All lines from the top of the records below through the line holding "happens in hanks .", and only those, should be printed exactly, minus the pictures.
------------------------------------------------------------
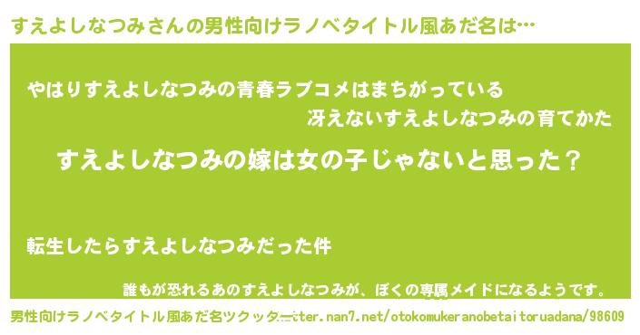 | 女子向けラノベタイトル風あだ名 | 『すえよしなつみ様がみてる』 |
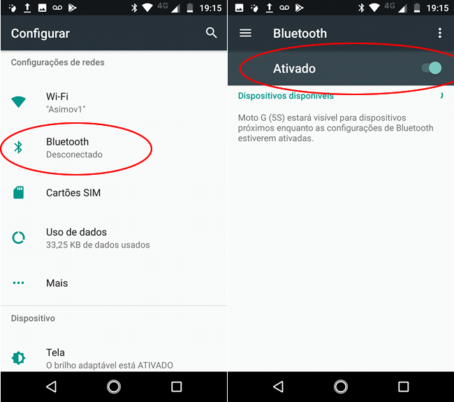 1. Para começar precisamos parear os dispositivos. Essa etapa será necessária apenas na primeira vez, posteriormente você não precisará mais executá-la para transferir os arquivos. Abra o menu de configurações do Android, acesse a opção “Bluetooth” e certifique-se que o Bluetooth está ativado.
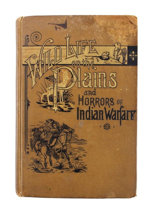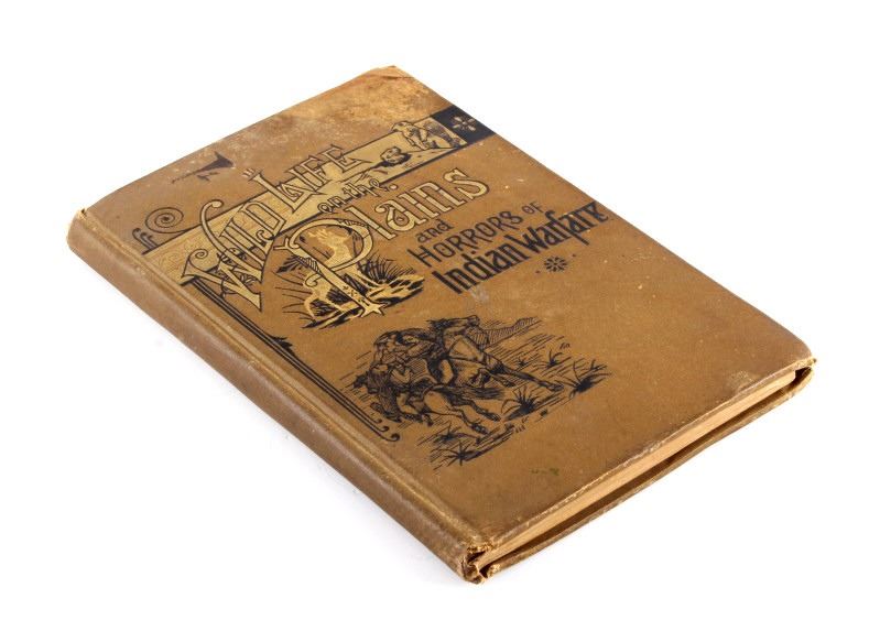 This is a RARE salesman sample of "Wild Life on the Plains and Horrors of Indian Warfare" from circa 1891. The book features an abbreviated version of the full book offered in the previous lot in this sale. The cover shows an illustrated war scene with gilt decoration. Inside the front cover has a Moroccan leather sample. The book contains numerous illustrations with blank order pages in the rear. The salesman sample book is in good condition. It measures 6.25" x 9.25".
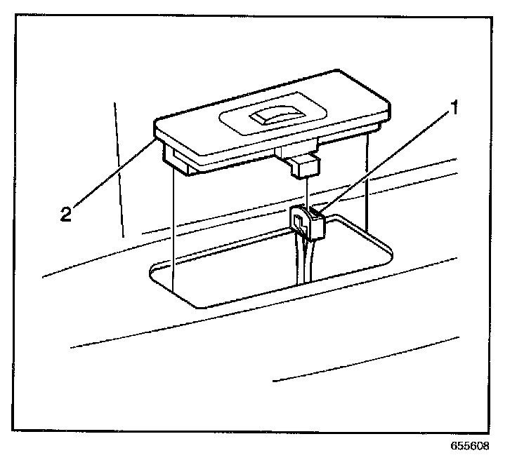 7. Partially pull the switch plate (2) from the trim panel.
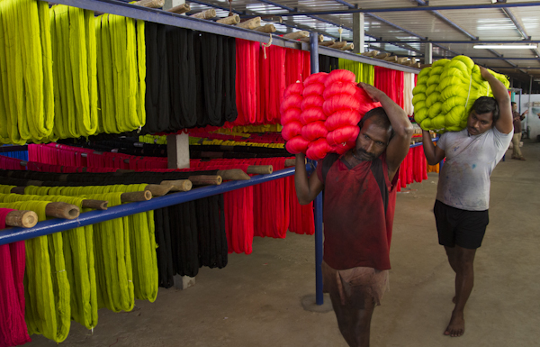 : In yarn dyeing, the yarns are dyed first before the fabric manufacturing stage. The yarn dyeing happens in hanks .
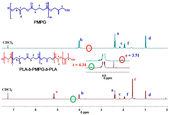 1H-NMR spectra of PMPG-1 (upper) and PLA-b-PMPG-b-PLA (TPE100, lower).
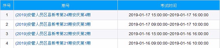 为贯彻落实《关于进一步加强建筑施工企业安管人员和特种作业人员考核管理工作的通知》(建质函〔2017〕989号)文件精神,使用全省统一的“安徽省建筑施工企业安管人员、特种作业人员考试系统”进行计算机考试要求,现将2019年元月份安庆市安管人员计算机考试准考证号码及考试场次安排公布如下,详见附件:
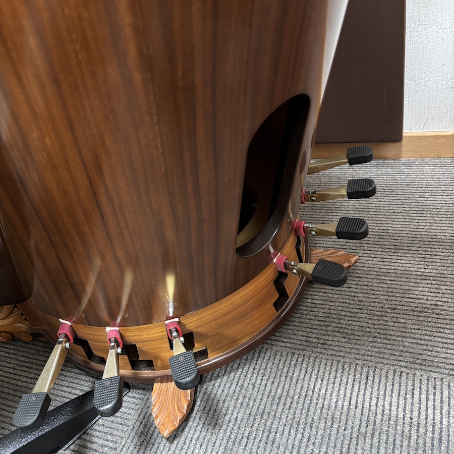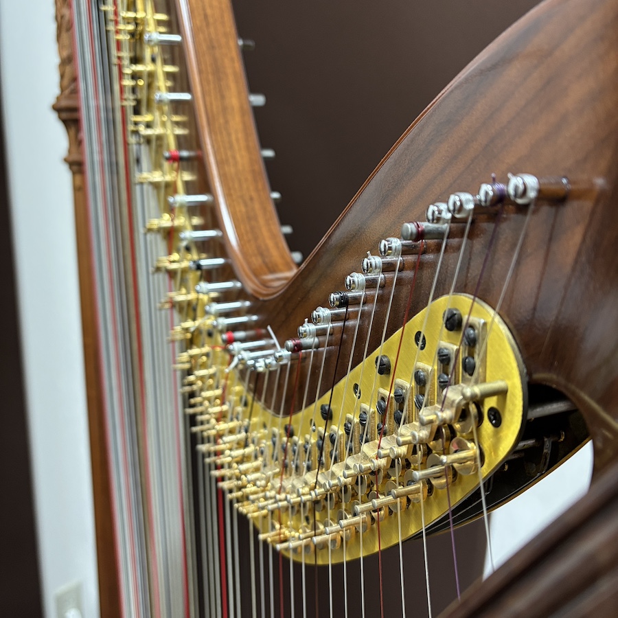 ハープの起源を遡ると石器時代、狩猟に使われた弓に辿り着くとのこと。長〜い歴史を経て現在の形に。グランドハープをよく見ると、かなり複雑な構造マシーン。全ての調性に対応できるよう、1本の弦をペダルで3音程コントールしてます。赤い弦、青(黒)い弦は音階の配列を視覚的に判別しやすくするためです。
------------------------------------------------------------
THE COMPLETED TASK =
 | 女子向けラノベタイトル風あだ名 | 『すえよしなつみ様がみてる』 |
 1. Para começar precisamos parear os dispositivos. Essa etapa será necessária apenas na primeira vez, posteriormente você não precisará mais executá-la para transferir os arquivos. Abra o menu de configurações do Android, acesse a opção “Bluetooth” e certifique-se que o Bluetooth está ativado.
 This is a RARE salesman sample of "Wild Life on the Plains and Horrors of Indian Warfare" from circa 1891. The book features an abbreviated version of the full book offered in the previous lot in this sale. The cover shows an illustrated war scene with gilt decoration. Inside the front cover has a Moroccan leather sample. The book contains numerous illustrations with blank order pages in the rear. The salesman sample book is in good condition. It measures 6.25" x 9.25".
 7. Partially pull the switch plate (2) from the trim panel.
 : In yarn dyeing, the yarns are dyed first before the fabric manufacturing stage. The yarn dyeing happens in hanks .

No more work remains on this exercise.